Cellular basis for progesterone neuroprotection in the injured spinal cord

Progesterone (PROG) exerts beneficial and neuroprotective effects in the injured central and peripheral nervous system. In the present! work, we examine PROG effects on three measures of neuronal function under negative regulation (choline acetyltransferase [ChAT] and Na,K-ATPase) or stimulated (growth-associated protein [GAP-43]) after acute spinal cord transection injury in rats. As expected, spinal cord injury reduced ChAT immunostaining intensity of ventral horn neurons. A 3-day course of intensive PROG treatment of transected rats restored ChAT immunoreactivity, as assessed by frequency histograms that recorded shifts from predominantly light neuronal staining to medium, dark or intense staining typical of control rats. Transection also reduced the expression of the mRNA for the alpha3 catalytic and beta1 regulatory subunits of neuronal Na,K-ATPase, whereas PROG treatment restored both subunit mRNA to normal levels.

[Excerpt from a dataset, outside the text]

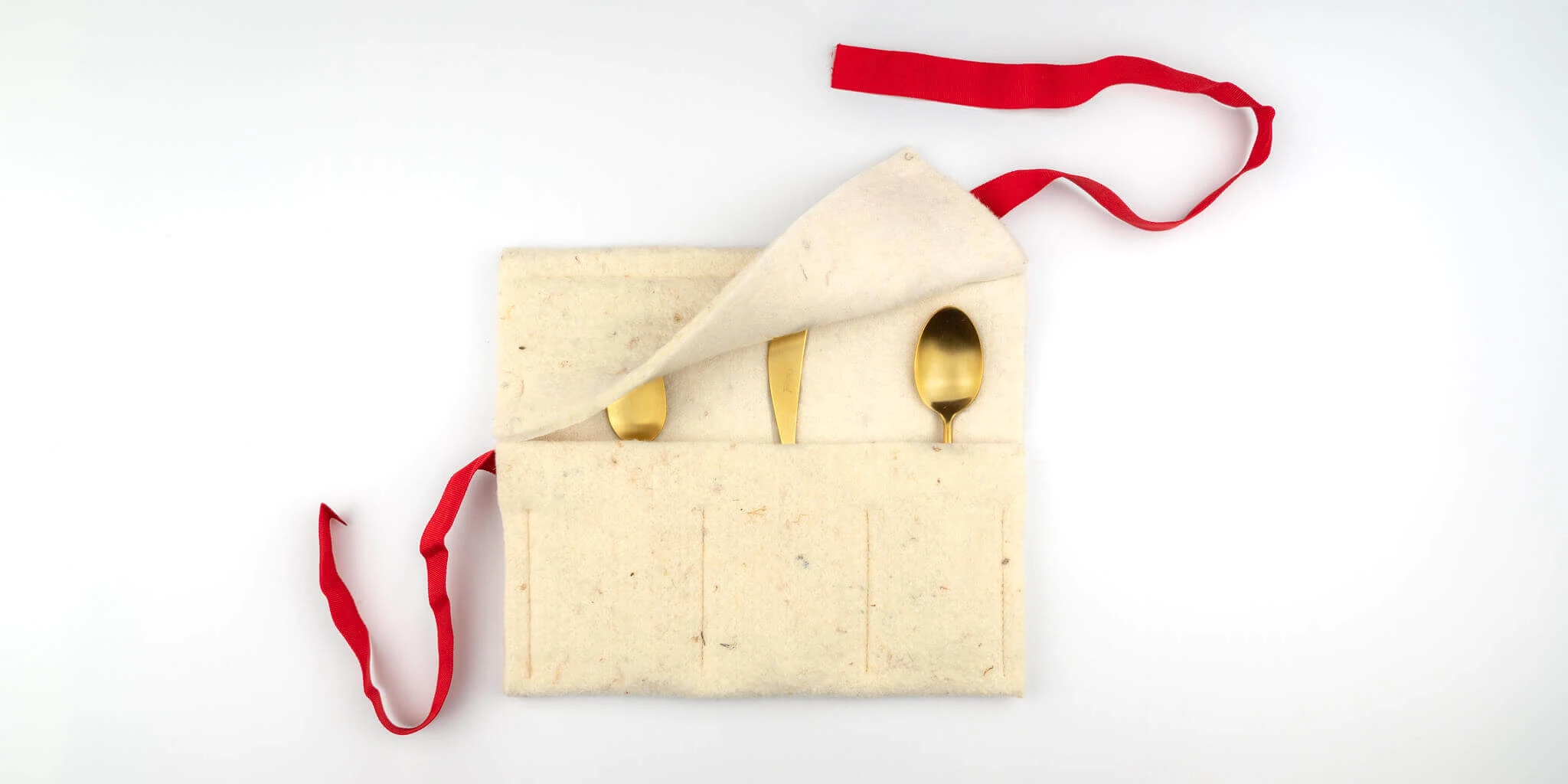 Knife, fork, spoon + wool case; stainless with contoured resin handles.
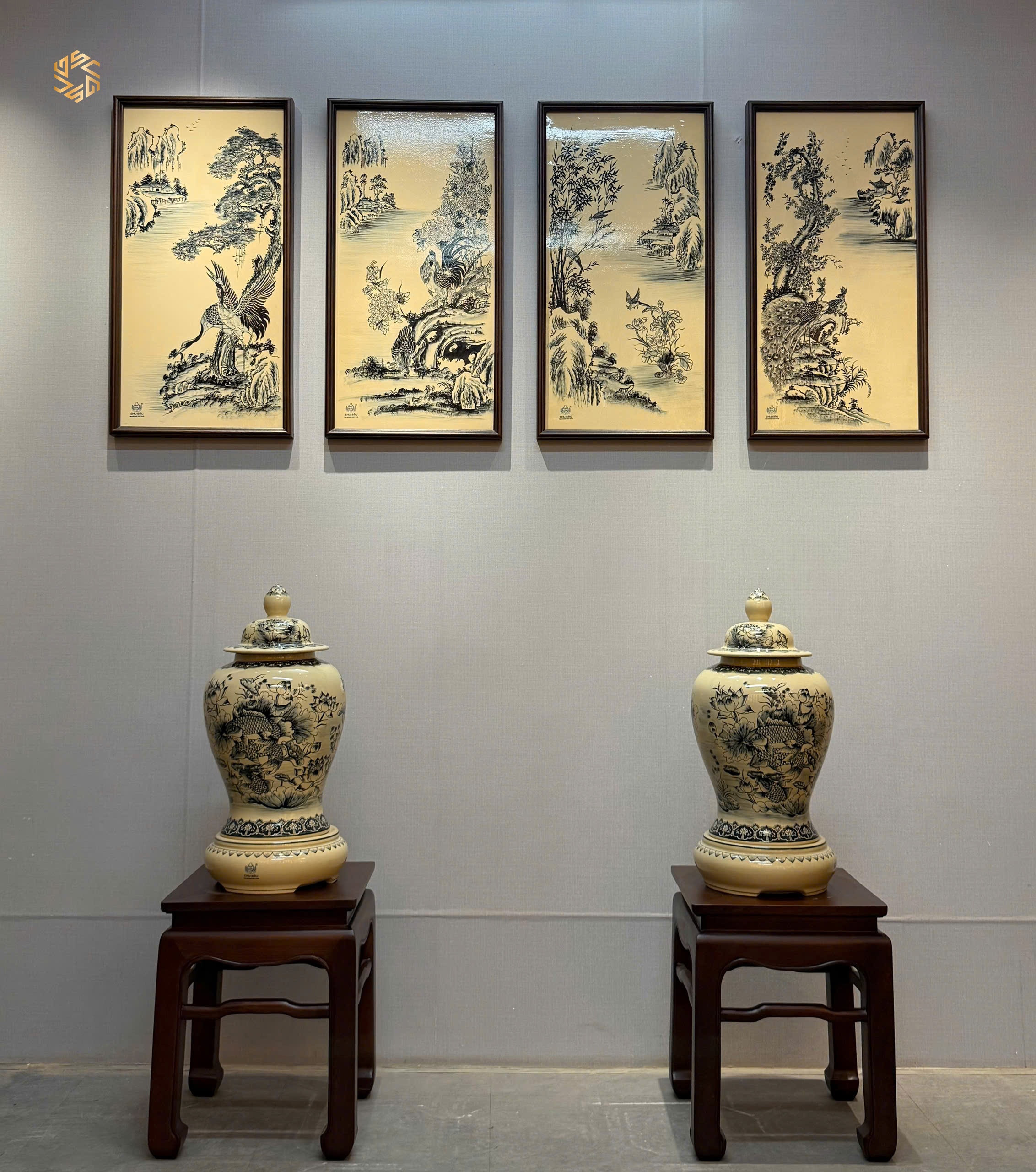 - Tranh gốm Chu Đậu Tứ Cảnh (Xuân – Hạ – Thu – Đông) với men gốm truyền thống mang vẻ đẹp văn hóa, chiều sâu nghệ thuật và giá trị thẩm mỹ bền vững. Dòng tranh này đặc biệt phù hợp với những không gian trang trí đề cao sự tinh tế, sang trọng và bản sắc Việt

Additionally, the upregulation observed for GAP-43 mRNA in ventral horn neurons in spinal cord-transected rats, was further enhanced by PROG administration. In no case did PROG modify ChAT immunoreactivity, Na,K-ATPase subunit mRNA or GAP-43 mRNA in control, sham-operated rats. Further, the PROG-mediated effects on these three markers were observed in large, presumably Lamina IX motoneurons, as well as in smaller neurons measuring approximately <500 mu(2). Overall, the stimulatory effects of PROG on ChAT appears to replenish acetylcholine, with its stimulatory effects on Na,K-ATPase seems capable of restoring membrane potential, ion transport and nutrient uptake. PROG effects on GAP-43 also appear to accelerate reparative responses to injury. As the cellular basis for PROG neuroprotection becomes better understood it may prove of therapeutic benefit to spinal cord injury patients.